One of the more traditional plates we enjoyed was the Dosa, a rice and lentil crepe-like dish served with four chutneys including a coconut, onion, cilantro and lentil stew. The Vegetable Pancake was packed with peas, chilis, tomatoes and cilantro and also accompanied by the chutneys. These two dishes would be excellent to start your meal or eaten on their own as a light lunch.
At this point we had forgotten we had even ordered two entrees for the table but we rallied just long enough to decimate them and tuck into dessert. The Salmon Special, a pleasantly delicate and crisp Alaskan wild sockeye salmon served atop a warm yet crunchy vegetable slaw and crispy onions and Date & Walnut Grilled Chicken Breast will not immediately strike you as Indian. But as their flavors unfold you'll begin todiscover the layered flavors and spice that betray their Indian roots, from the sweet and savory chutney-like salsa accompanying the chicken to the spice dusted exterior of the salmon. And then there was the basmati. Then there is no mistaking the origins of Chef Prasad's basmati, a perfumy and intoxicatingly fluffy bowl of rice. Upon asking the Chef his secret to his perfect basmati, we were able to extract cinnamon and a few other toasted spices as some key ingredients.
If you enjoy ending your meal on a sweet note, Thali employs a full-time pastry chef on premise and we enjoyed sampling three of their house desserts. The Cardamom Creme Brulee, the Lemon Grass Key Lime Pie and Caramel Mango Cheese Cake. You will not go wrong with any of these dishes. I enjoyed the subtlety of the cardamom creme brulee as much as the ample tartness of the lemon grass key lime pie and I've yet to meet a cheese cake I haven't liked. They are perfect to split a number of ways so make sure you save room for dessert.
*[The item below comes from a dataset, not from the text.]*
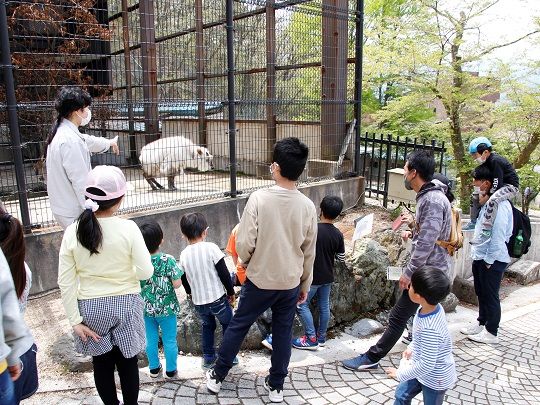 同日付属園では、飼育・栽培している動植物たちについて飼育員が解説する「どうぶつ観察ツアー」を実施しました。付属園では、ライチョウ、スバールバルライチョウ、ニホンカモシカ、フクロウ、ハクビシン、ミズバショウなどの動植物を飼育・栽培しており、生きている姿と命の大切さが分かるような生体展示だけでなく、傷ついたり病気になったりした動物を保護する、希少種の保護などの役割を担っています。当日は、飼育員が園内を回りながら、動植物の生態や個体の生育状況などを解説し、参加者は興味深く聞き入っていました。

Hailing from India but planted firmly in Fairfield County, Thali and Chef Prasad continue to challenge our notion of what Indian food can be and often with tantalizing results. I found each dish imbued with a preternatural balance of spice and texture, flaunting its own unique personality.
I believe we are bearing witness to an original voice on the food scene many hungry Connecticut omnivores happily reaping the rewards. Is anyone else doing what Chef Prasad and his team at Thali are doing with Indian cuisine in the region? In the country? Chef Prasad is certainly a unique and passionate culinary presence and Thali Westport his latest and hopefully his most successful venture yet.